在另一個元素下搜索類元素-有解無憂

我抓取每日陣容，并且需要找出一個團隊是否沒有發布它的陣容。在這種情況下，有一個名為 lineup__no 的類元素。我想查看每個團隊并檢查是否發布了陣容，如果沒有，則將該團隊索引添加到串列中。例如，如果有 4 支球隊在比賽，并且第一和第三隊沒有發布陣容，我想回傳 [0,2] 的串列。我猜某種串列理解可能會幫助我到達那里，但很難想出我需要的東西。我現在嘗試了一個 for 回圈來獲取主標題下的每個專案。
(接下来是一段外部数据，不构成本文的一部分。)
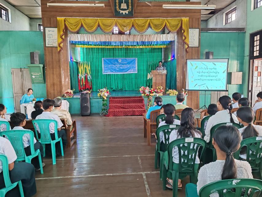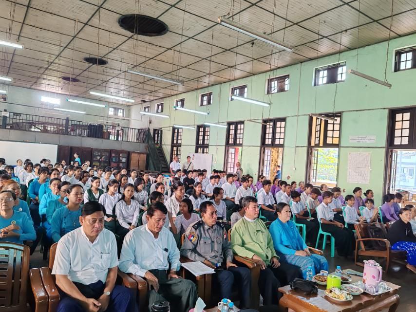 ရှေးဦးစွာ မြို့နယ်စီမံခန့်ခွဲရေးနှင့် အုပ်ချုပ်ရေးကော်မတီဥက္ကဋ္ဌ ဦးဇော်မိုးအောင်က အဖွင့်အမှာစကားပြောကြားခဲ့ပြီး မြို့နယ်အမျိုးသမီးရေးရာအဖွဲ့ဥက္ကဋ္ဌ ဒေါ်နှင်းနှင်းအေးက အသိပညာပေးဟောပြောပွဲနှင့် စပ်လျဉ်း၍ ရှင်းလင်းခဲ့သည်။ ဆက်လက်ပြီး မြို့နယ်ရဲတပ်ဖွဲ့မှူး ရဲမှူးချစ်ဆွေက လူကုန်ကူးမှုတိုက်ဖျက်ရေးဆိုင်ရာများကိုလည်းကောင်း၊ မြို့နယ်ဥပဒေအရာရှိ ဒေါ်မေဖြိုးခိုင်က အမျိုးသမီးများ အကြမ်းဖက်မှုနှင့် သက်ငယ်မုဒိန်းမှုများမှ ကာကွယ်နိုင်ရန်တို့ကိုလည်းကောင်း အသိပညာပေးဟောပြောခဲ့ကြပြီး ဟောပြောမှုအပေါ် ကျောင်းသား/ကျောင်းသူများအား ပြန်လည်ဆွေးနွေးမေးမြန်းခဲ့ပြီး ဖြေဆိုနိုင်သူများကို ဆုလက်ဆောင်များ ပေးအပ်ချီးမြှင့်ခဲ့သည်။

我也嘗試將每個 li 專案的文本添加到串列中并搜索“未知陣容”，但沒有成功。

from selenium import webdriver

from selenium.common.exceptions import NoSuchElementException

from bs4 import BeautifulSoup
import requests
import pandas as pd

#Scraping lineups for updates
url = 'https://www.rotowire.com/baseball/daily-lineups.php'

##Requests rotowire HTML
r = requests.get(url)
soup = BeautifulSoup(r.text, "html.parser")

games = soup.select('.lineup.is-mlb')
for game in games:
    initial_list = game.find_all('li')
    print(initial_list)

uj5u.com熱心網友回復：

因為我更熟悉 Selenium，所以我會給你 Selenium 解決方案。
請在作為注釋給出的代碼中查看我的解釋。

from selenium import webdriver
from selenium.webdriver.common.by import By
from selenium.webdriver.support.ui import WebDriverWait
from selenium.webdriver.support import expected_conditions as EC
import time

driver = webdriver.Chrome()
driver.maximize_window()
wait = WebDriverWait(driver, 20)
driver.get("https://www.rotowire.com/baseball/daily-lineups.php")
#wait for at least 1 game element to be visible
wait.until(EC.visibility_of_element_located((By.CSS_SELECTOR, ".lineup.is-mlb")))
#add a short delay so that all the other games are loaded
time.sleep(0.5)
#get all the games blocks
games = driver.find_elements(By.CSS_SELECTOR,".lineup.is-mlb")
#iterate over the games elements with their indexes in a list comprehension
no_lineup = [j for idx, game in enumerate(games) for j in [idx*2, idx*2 1] if game.find_elements(By.XPATH, ".//li[@class='lineup__no']")] 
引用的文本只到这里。